→ Data section:
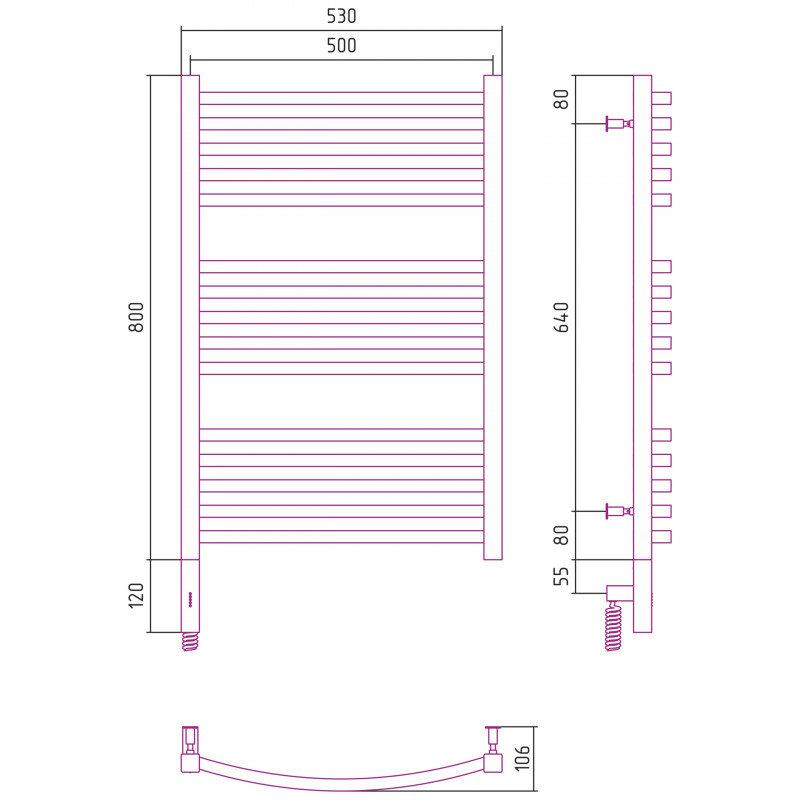 Полотенцесушитель электрический Сунержа Аркус 3.0, высота 80 см, ширина 50 см, диммер слева/справа, цвет состаренная латунь, 051-5704-8050/051-5705-8050
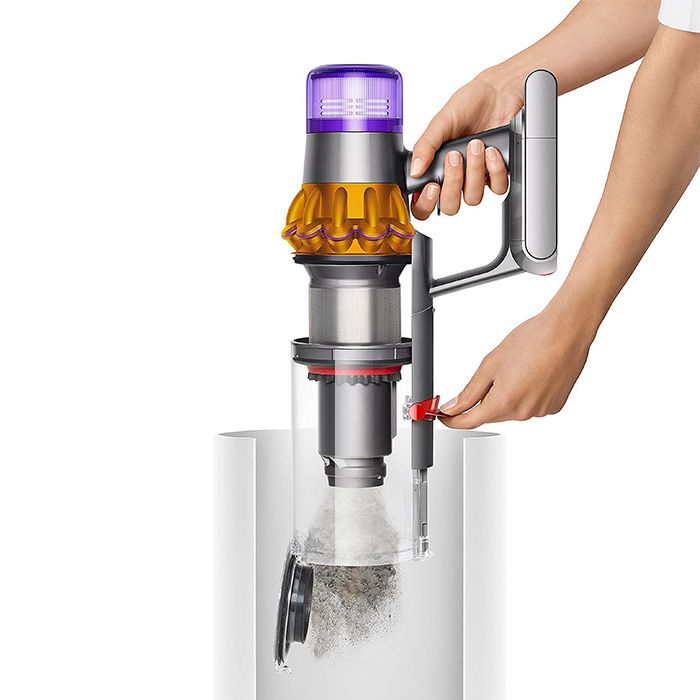 Dyson reveals microscopic dust. Dyson’s most powerful, compact cordless vacuum. Sizes and counts dust particles. Shows results on-screen as you clean. Single button power control.
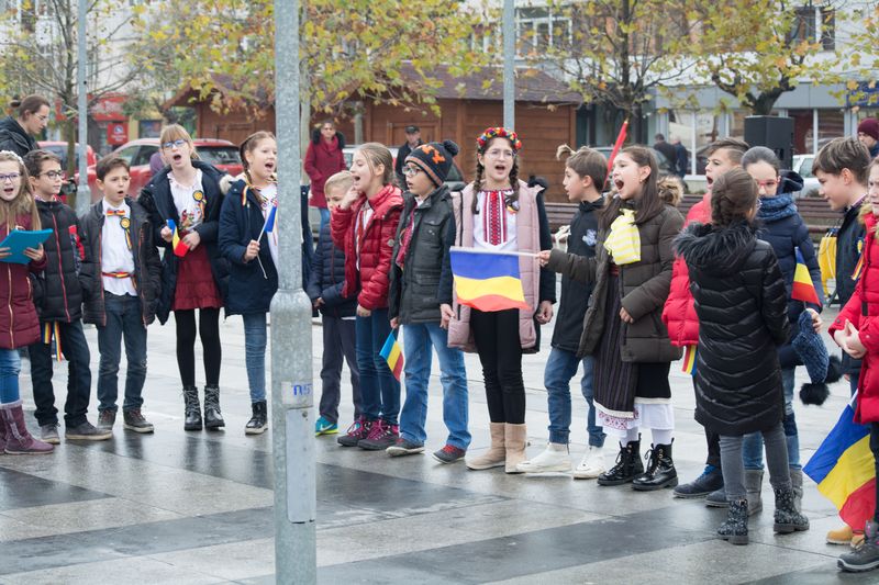 La finalul acțiunii, elevii au format un steag din cartoane roșii, galbene si albastre, pe care le-au înălțat la cer strigând în cor: “La Mulți Ani, România”.
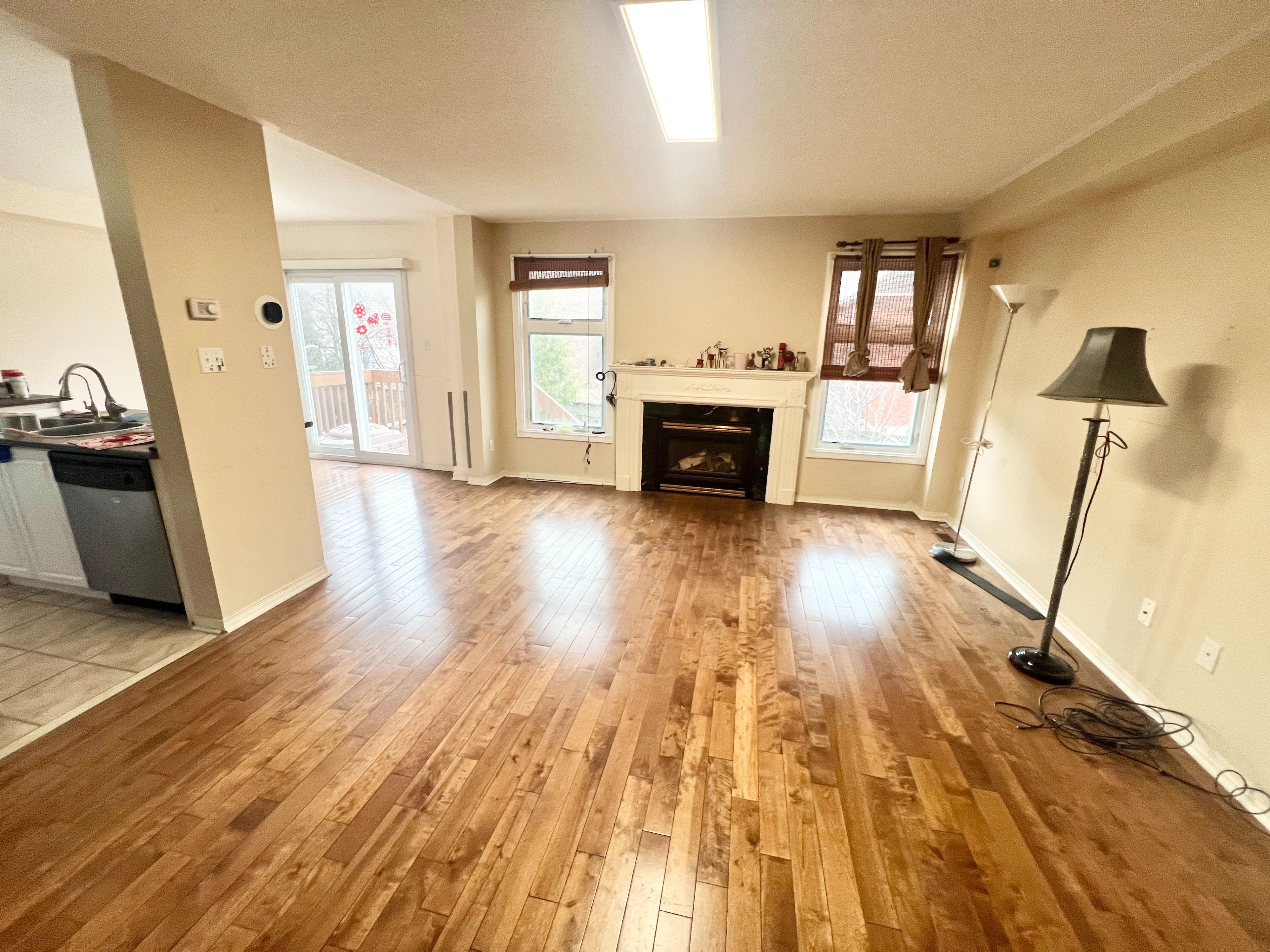 • Open concept design with hardwood flooring and gas fireplace.

→ What the exercise asks:
Please give the material above again in full, with no pictures in your version.

→ Response:
 Полотенцесушитель электрический Сунержа Аркус 3.0, высота 80 см, ширина 50 см, диммер слева/справа, цвет состаренная латунь, 051-5704-8050/051-5705-8050
 Dyson reveals microscopic dust. Dyson’s most powerful, compact cordless vacuum. Sizes and counts dust particles. Shows results on-screen as you clean. Single button power control.
 La finalul acțiunii, elevii au format un steag din cartoane roșii, galbene si albastre, pe care le-au înălțat la cer strigând în cor: “La Mulți Ani, România”.
 • Open concept design with hardwood flooring and gas fireplace.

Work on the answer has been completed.